Ce qui rend cette proposition particulièrement significative, c’est son timing. Avec les récents sondages d’Abacus Data montrant que les Conservateurs détiennent une avance de neuf points à l’échelle nationale, les annonces politiques de Poilievre portent le poids d’une gouvernance future potentielle, pas seulement d’un positionnement d’opposition.
Les partisans de la mesure pointent vers une législation similaire en Australie, où un Test d’intérêt national a été mis en œuvre en 2013 pour les grands projets de ressources. Selon la Commission australienne de productivité, cela a réduit les temps d’approbation moyens de 4,5 ans à 2,2 ans pour des projets comparables.
L’économiste de l’énergie Andrew Leach de l’Université de l’Alberta a offert une vision plus nuancée lorsque je l’ai joint par téléphone.
«Le défi n’est pas seulement les délais réglementaires – c’est la certitude d’investissement», a expliqué Leach. «Les entreprises doivent savoir que les règles ne changeront pas à mi-chemin d’un projet de plusieurs milliards de dollars. Cette proposition aborde la vitesse mais pas nécessairement la prévisibilité que les investisseurs désirent.»
La législation survient alors que l’expansion de l’oléoduc Trans Mountain approche de son achèvement après sept ans de processus réglementaires et de défis juridiques. Les coûts du projet ont gonflé d’une estimation initiale de 7,4 milliards de dollars à près de 30,9 milliards de dollars, selon les chiffres publiés par la société d’État supervisant le projet.
Pour les communautés le long des routes de pipeline proposées, le débat s’étend au-delà des discussions politiques abstraites. Dans le nord de la Colombie-Britannique, la conseillère municipale Rebecca Johnson m’a dit que sa communauté est divisée entre ceux qui voient une opportunité économique et d’autres préoccupés par les risques environnementaux.
«Nous avons besoin d’un processus qui pèse réellement les deux côtés équitablement», a déclaré Johnson. «En ce moment, on a l’impression que les projets sont soit imposés de force, soit retardés indéfiniment. Aucun des deux extrêmes ne sert bien les Canadiens.»

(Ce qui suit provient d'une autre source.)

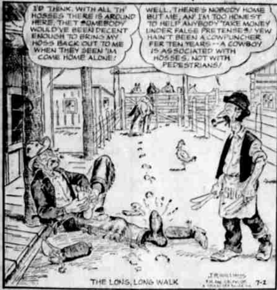
THE LONG, LONG WALK
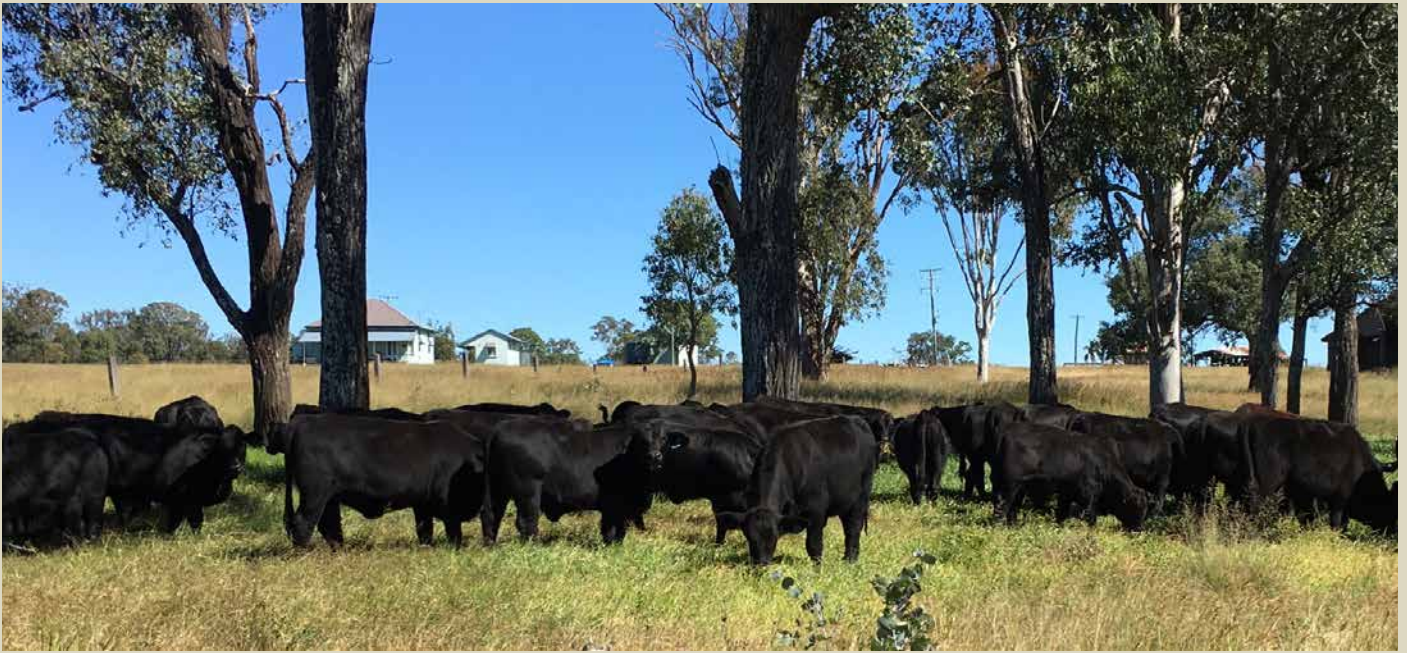
A Magnificent run of replacement Angus x Santa heifers at 'Palyah' which will be joined in spring to Burenda Black bulls.

Alors que le Parlement entre en pause estivale la semaine prochaine, cette proposition prépare le terrain pour ce qui sera probablement un débat économique central à l’approche de la session d’automne. La question de savoir si elle représente une solution véritable aux défis d’infrastructure du Canada ou un dépassement constitutionnel sera vigoureusement contestée dans les mois à venir.
Ce qui est clair, c’est que Poilievre parie que la frustration des Canadiens face au statu quo l’emportera sur les préoccupations concernant les garanties environnementales – un calcul politique qui pourrait définir la prochaine élection.